Ciucci was being held with all the other inmates on "death row" in a maximum security area of the basement. It was known as “the wing.”
They were confined 21 hours a day in seven foot by four foot cells. The electric chair was just a short distance down the hall –- 17 steps for Ciucci, one reporter calculated.
Finally, at midnight, guards brought Ciucci in. They were dragging him and almost shoving him into the chair. It occurred to me that they might be treating him roughly to try to take his mind off what was about to happen.
At 12:01 a.m., the warden gave a signal to proceed.
Ciucci heaved against straps as lethal voltage power surged into him. His body went limp quickly.
It was over.
A few minutes later, we were escorted back to the entrance.
Throughout my time there, I was intent on collecting the basic details which journalists are supposed to include in a standard report -- the who, what, when and where plus other facts.
I left with no idea if there was truth to the lore that prisons go utterly quiet shortly before an execution because inmates know what is going on. Nor did I know if lights in and around a prison really dim, presumably due to a super charge of energy required for the electric chair.
About six months after Ciucci 's death, my editors figured I was our most informed reporter on electrocutions and they told me to cover the next one at Cook County Jail -- ending the life of James Dukes, who was 31 years old.
According to prosecutors, Dukes was beating his 16-year-old girl friend after they had gotten into an argument. Hearing the noise, two men -- a deacon and an usher at a nearby Baptist church -- came to the girlfriend's defense, along with two city policemen on patrol at the Chicago Stockyards.
There was evidence that Dukes tried to flee, took his gun out of his girlfriend’s purse, and fired it. Both of the Good Samaritans from the church were wounded and survived, but one officer, Detective John Blyth, died.
The sentence of capital punishment for Dukes surprised nobody. Killing a policeman was considered as bad as any crime.
Before the execution of Dukes, a black man, we visitors were given different official instructions than we had for Ciucii, who was white. Instead of being required to arrive by 11 p.m., we were told it would be okay to come only a few minutes before midnight and inspections of us were superficial.
What most sticks in my mind was the overall atmosphere this time. The mood seemed almost like gaiety, There was even some laughter. Some reporters clamored to get close to the window to watch Dukes die.
A Chicago Tribune correspondent, Ron Koziol, recalled that Ciucci was upbeat and in continued denial of what he had done, but Dukes remained silent and refused the traditional last meal. He was hooded and in black shorts as the clamps were attached.

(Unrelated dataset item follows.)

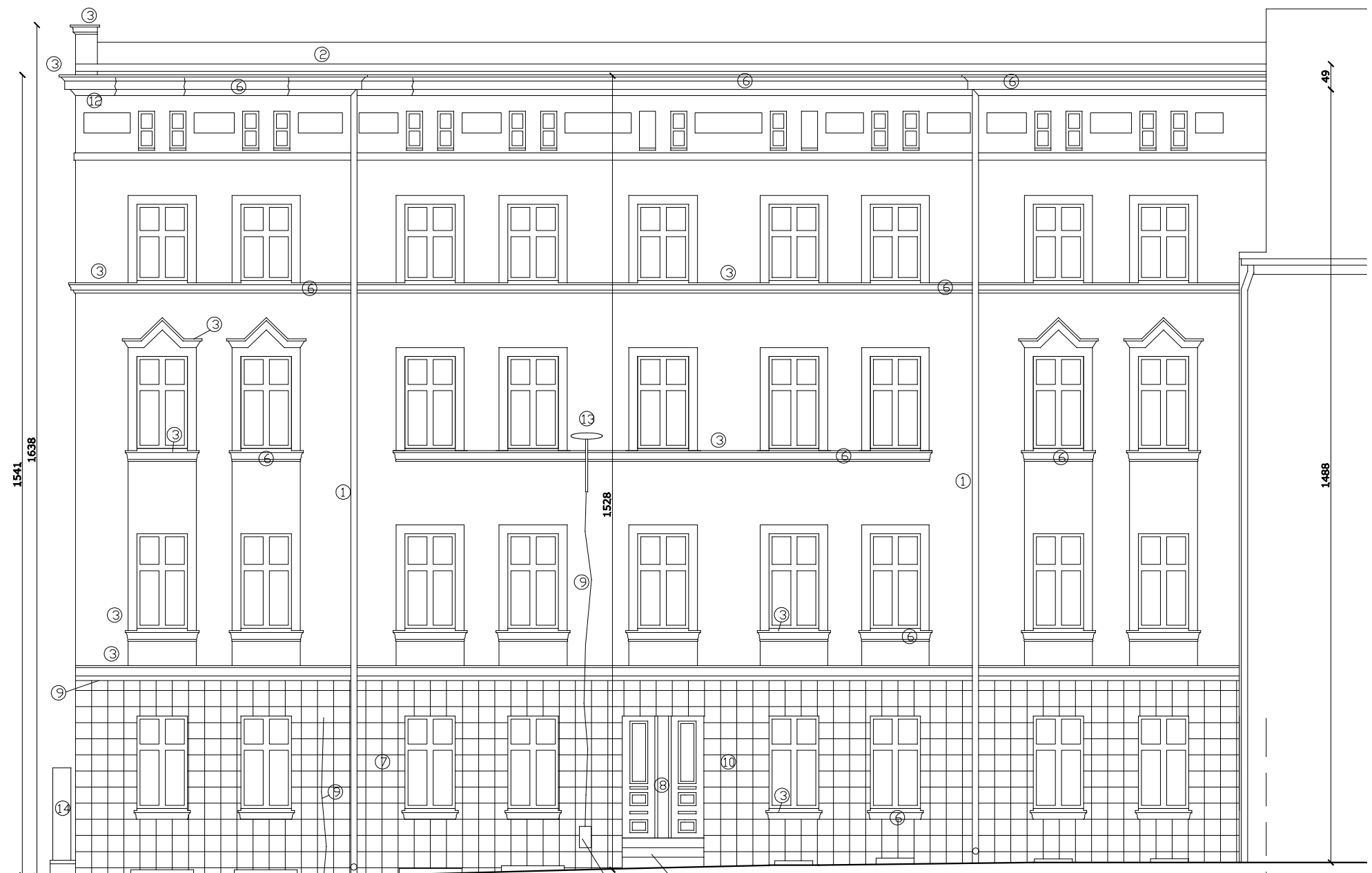
ELEWACJA ZACHODNIA ( FRONTOWA )

At the end, we found out that Dukes had left a message, using a quotation from Plato’s “Dialogues” — “The hour of departure has arrived and we go our ways, I to die and you to live. Which is better God only knows.”
Did all of this make me a better reporter? I don’t know.
But those assignments helped solidify my opposition to the death penalty, which for me always had been more theoretical and philosophic than heart-felt
In case you're wondering, I had been inside a big prison previously -- the South Dakota Penitentiary in Sioux Falls. And I remembered that visit vividly for many years.
It was at Christmastime and I was with a group of other young persons who came there to sing holiday carols. The cell block was in the middle of the building, surrounded by a high broad “moat.”
As we were singing, we knew the sound of our voices and our music circulated around and into the cells.
As a historical footnote, the electrocutions of Ciucii and Dukes were the 66th and 67th done at Cook County Jail and the last to occur in Illinois, which began doing them in 1928. All were at this facility and two others.
Instead of using the electric chair, the state switched to lethal injections in 1983, and in 2011 it repealed the death sentence.
Wesley Pippert was a journalist in Washington more than 40 years and led a special University of Missouri program there.